I have a query regarding the extraction of VGG16/VGG19 features for my experiments.

The pre-trained VGG16 and VGG19 models have been trained on ImageNet dataset having 1000 classes (say c1,c2, ... c1000) and normally we extract the features from first and second fully connected layers designated ('FC1' and 'FC2'); these 4096 dimensional feature vectors are then used for computer vision tasks.

My question is that can we use these networks to extract features of an image that does not belong to any of the above 1000 classes ? In other words, can we use these networks to extract features of an image with label c1001 ? Remember that c1001 does not belong to the Imagenet classes on which these networks were initially trained on.

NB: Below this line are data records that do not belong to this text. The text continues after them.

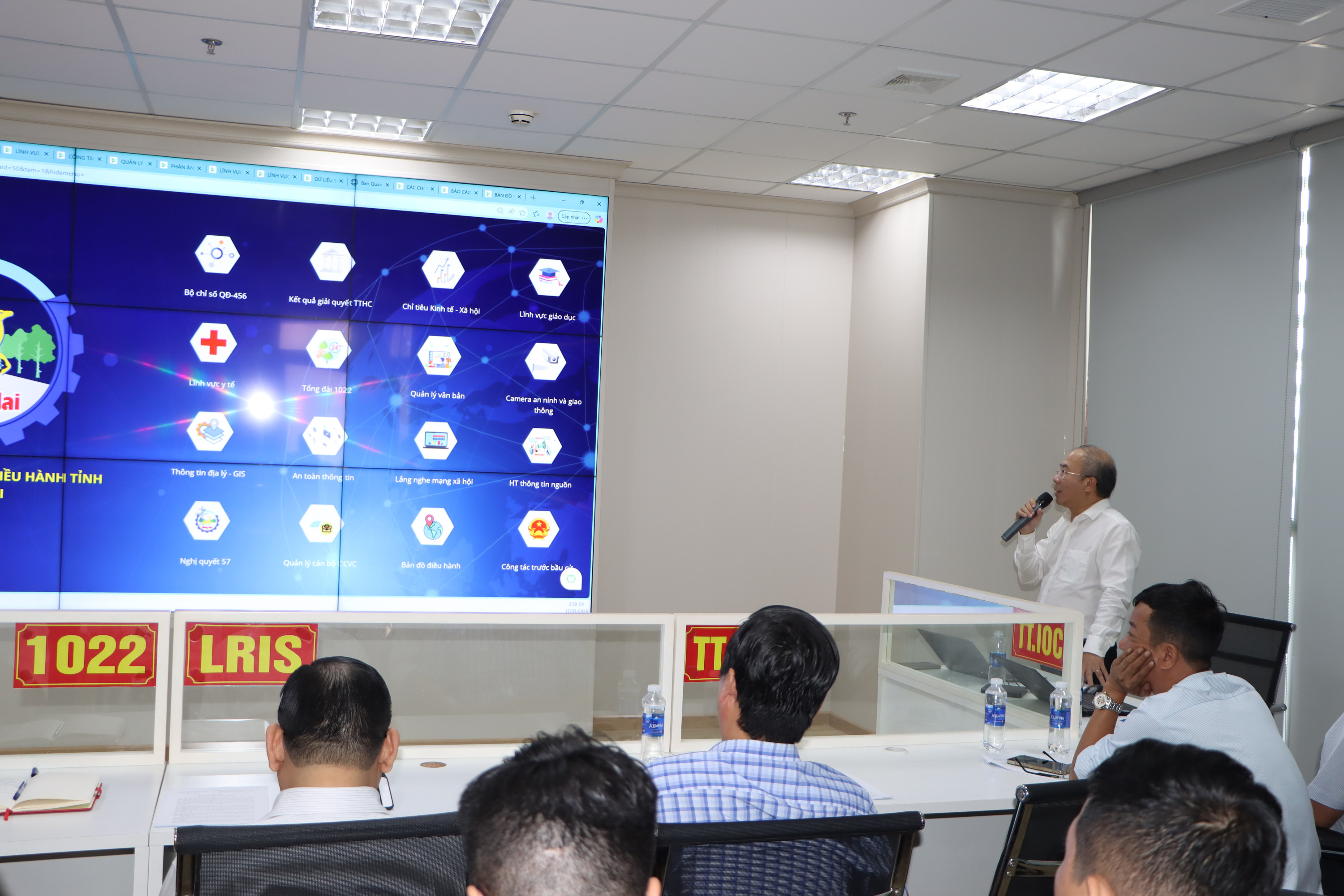 Đồng thời, công tác rà soát, chuẩn hóa và tích hợp dữ liệu phục vụ xây dựng Kho dữ liệu dùng chung của tỉnh đang được triển khai, tạo nền tảng cho việc phát triển các bộ chỉ số và kịch bản điều hành trên môi trường điện tử trong thời gian tới; Hệ thống thực hiện kết nối, tích hợp và khai thác dữ liệu từ một số hệ thống thông tin và cơ sở dữ liệu chuyên ngành như: dịch vụ công, quản lý văn bản và điều hành, giáo dục, y tế, tổng đài dịch vụ công 1022 và một số nguồn dữ liệu khác. Trên cơ sở đó, hệ thống IOC bước đầu xây dựng các bảng điều khiển (Dashboard) phục vụ theo dõi, tổng hợp và cung cấp thông tin hỗ trợ công tác quản lý, điều hành của tỉnh. Bên cạnh đó, hệ thống IOC có khả năng mở rộng, tích hợp thêm các nguồn dữ liệu và xây dựng các kịch bản phục vụ các nhiệm vụ đột xuất, sự vụ theo yêu cầu chỉ đạo, điều hành của lãnh đạo tỉnh.
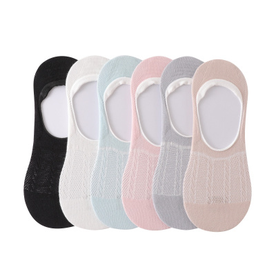 浪莎6双袜子女短袜浅口夏季薄款纯棉透气网眼隐形全棉防滑夏天船袜女
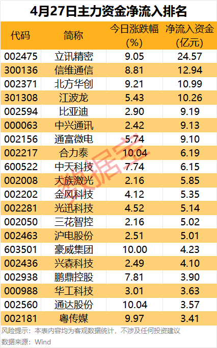 消费电子龙头股立讯精密涨超9%,主力资金净流入24.57亿元,居首。消息面上,4月27日,天风国际证券分析师郭明錤发文称,OpenAI计划自研手机,正与联发科、高通合作开发手机处理器,立讯精密为独家系统协同设计与制造商,预计2028年量产。
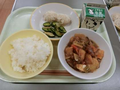 今日の献立は「ご飯、牛乳、酢豚、えび包子(パオツ)、華風和え」でした。酢豚に使われている酢には、食欲増進の効果や疲れた体を回復させる働きがあります。今日は、酸味のきいた酢豚をおいしくいただきました。
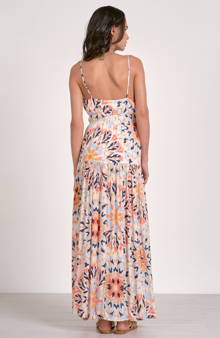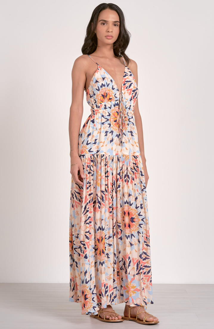 Indulge in elegance with our exclusive V-NECK MAXI DRESS. Featuring a sophisticated V-neck design and a beautiful printed pattern, this sleeveless dress exudes luxury and style. Upgrade your wardrobe with this must-have statement piece.
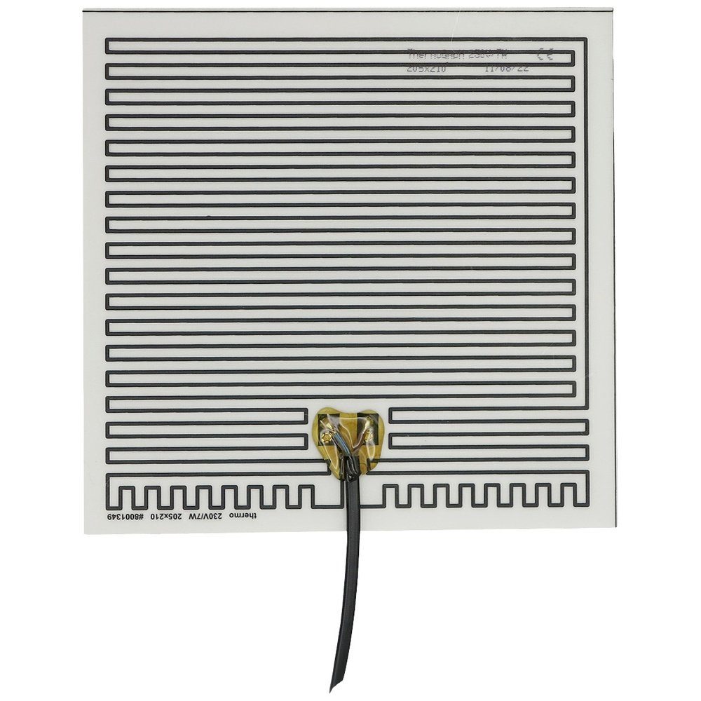 Warnhinweise | Aufgrund hoher Heizleistung, bezogen auf die Fläche, kann die Heizfolie je nach Einbausituation, ohne ausreichende Kühlung oder Temperaturregelung, überhitzen und dadurch zerstört werden! Die angegebene Oberflächentemperatur entspricht einem Mittelwert bei einer Umgebungstemperatur von 20 °C (45% rF) in unbewegter Luft! Die erzielte "Heiztemperatur" ist extrem von externen Einflüssen wie Vorhandensein und Art des Untergrundes, thermische Isolation, Umgebungstemperatur, Luftströmung, Luftfeuchte, Betriebsspannung und Toleranzen abhängig. |
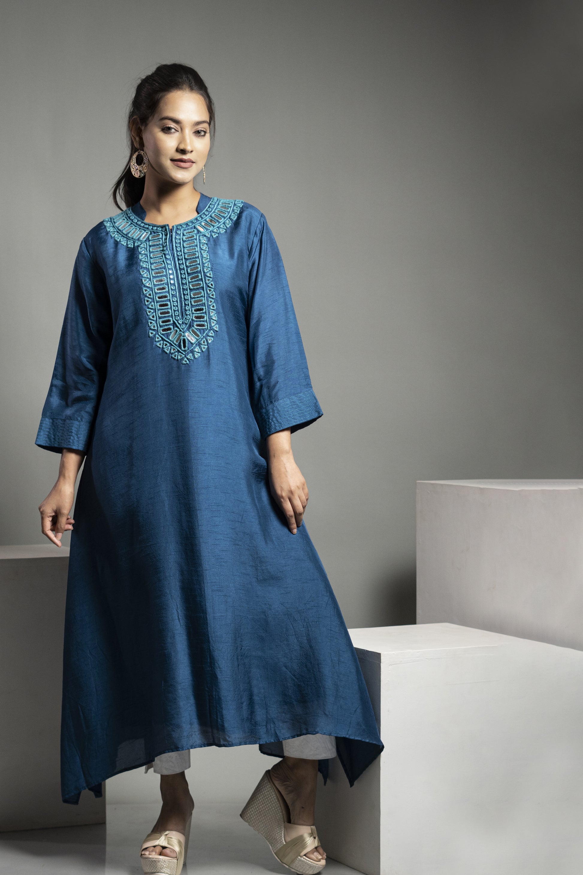 This exquisite silk kurta features a beautifully hand-embroidered neckline, adorned with intricate mirror and thread work. The luxurious fabric and detailed craftsmanship make for a truly one-of-a-kind piece. Elevate your wardrobe with this elegant and timeless addition.
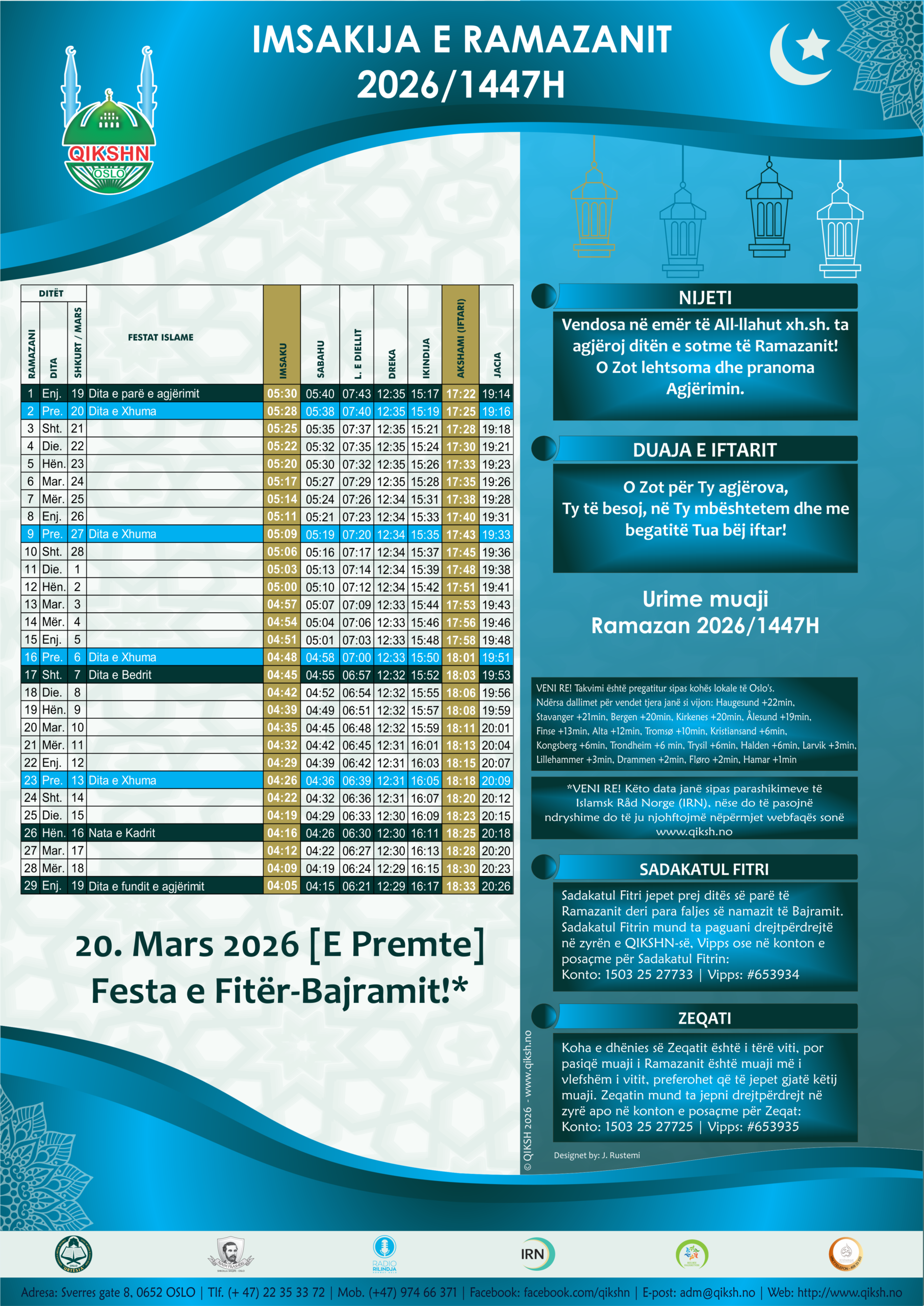 Këshilli Islam i Norvegjisë (IRN) dhe Rrjeti i Dialogut Musliman (MDN) njoftojnë se Ramazani 2026 fillon ditën e Enjte, më 19. Shkurt 2026.
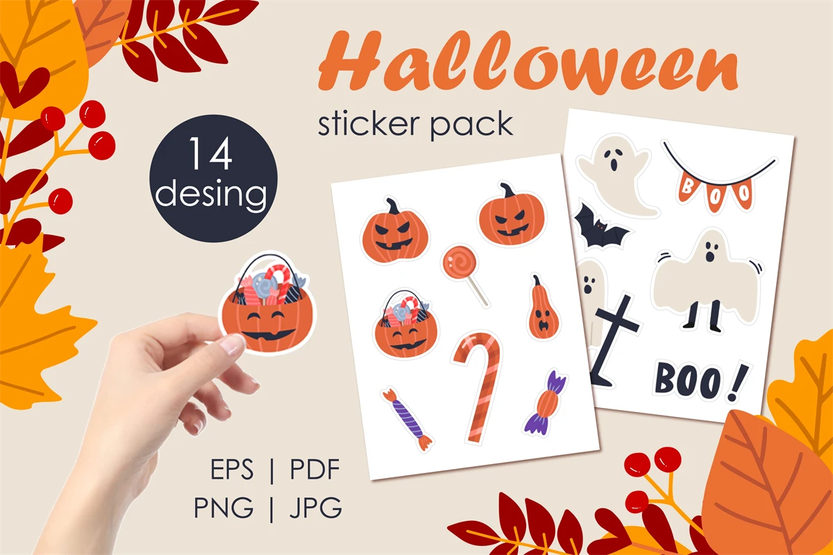 Hand drawn vector Halloween clipart EPS and sticker pack for Cricut Machines and Silhouette Studio.
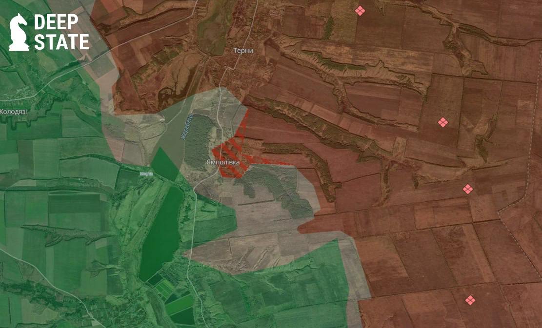 По данным паблика, россияне пытались зайти в Ямполевку сразу после занятия Тернов, после многочисленных штурмов которой нашли уязвимое место северо-восточнее села.
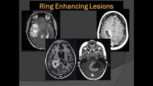 Toxoplasmosis is commonly noted in HIV-positive patients and presents with multiple ring-enhancing lesions. Sulfadiazene is a sulfa Abx and pyrimethamine is an anti-parasite.
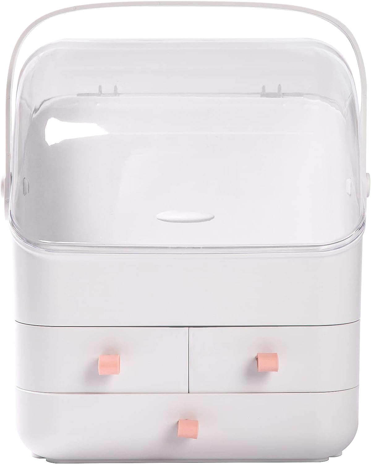 - Large Capacity Storage -- The makeup organizer box with clear lid stores your cosmetic items of different shapes and sizes while keeping them well organized.The Big top tier and 3 divided drawers can hold your jewelry,lipsticks,makeup brushes,eyeliner,eyebrow pencils,eye shadows,nail polishes,nail clippers,skincare bottles, perfume bottle, washes or other skincare cosmetics.

In the article available on https://www.pyimagesearch.com/2019/05/20/transfer-learning-with-keras-and-deep-learning/, I am quoting the following -

When performing feature extraction, we treat the pre-trained network as an arbitrary feature extractor, allowing the input image to propagate forward, stopping at pre-specified layer, and taking the outputs of that layer as our features

From the above text, there is no restriction to whether the image must necessarily belong to one of the Imagenet classes.

Kindly spare some time to uncover this mystery.

In the research papers, the authors simply state that they have used features extracted from VGG16/VGG19 network pre-trained on Imagenet dataset without giving any further details.

I am giving a case study for reference:

Animal with Attribute dataset (see https://cvml.ist.ac.at/AwA2/) is a very popular dataset with 50 animal classes for image recognition task. The authors have extracted ILSVRC-pretrained ResNet101 features for the above dataset images. This ResNet 101 network has been pre-trained on 1000 imagenet classes (different imagenet classes are available at https://gist.github.com/yrevar/942d3a0ac09ec9e5eb3a#file-imagenet1000_clsidx_to_labels-txt).

Also, the AWA classes are put as follows:

antelope,  grizzly+bear, killer+whale, beaver, dalmatian, persian+cat, horse
german+shepherd, blue+whale, siamese+cat, skunk, mole, tiger, hippopotamus, leopard, moose, spider+monkey, humpback+whale, elephant, gorilla, ox, fox, sheep
seal, chimpanzee, hamster, squirrel, rhinoceros, rabbit, bat, giraffe, wolf, chihuahua, rat, weasel, otter, buffalo, zebra, giant+panda, deer, bobcat, pig, lion, mouse, polar+bear, collie, walrus, raccoon, cow, dolphin

Now, if we compare the classes in the dataset with 1000 Imagenet classes, we find that classes like dolphin, cow, racoon, bobcat, bat, seal, sheep, horse, grizzly bear, giraffe etc are not there in the Imagenet and still the authors went on with extracting ResNet101 features. I believe that the features extracted are generalizable and that is why authors consider these features as meaningful representations for the AWA images.

Your take on this ?

The idea is to get the representations for the images not belonging to ImageNet classes and use them along with their labels in some other classifier.


Solution

  • For only extracting the features, you can input any image you want in your pretrained VGG/other CNN. However, for the purpose of training, you have to implement other steps as stated below.

    The features that are extracted have been determined by means of exclusively training on those 1000 classes and belong to those 1000 classes. You can use your network to predict on images that do not belong to those 1000 classes, but in the paragraphs below I explain why this is not the desired approach.

    The key point to outline here is that, the set features that were extracted can be used to detect/determine the presence of other objects within a photo, but not "ready"/"out of the box".

    For example, edges and lines are features that are not related exclusively to those 1000 classes, but also to other ones, hence they are useful, general features.

    Therefore, you can employ "transfer learning", to train on your own images (dataset), for example c1001, c1002, c1003.

    Notice however that you need to train on your own set before you can use the network to predict on your new images(new classes). Transfer learning refers to using the set of already gathered/learned features, which can be suitable to apply on another problem, but you need to train on your "new problem", say c1001, c1002, c1003.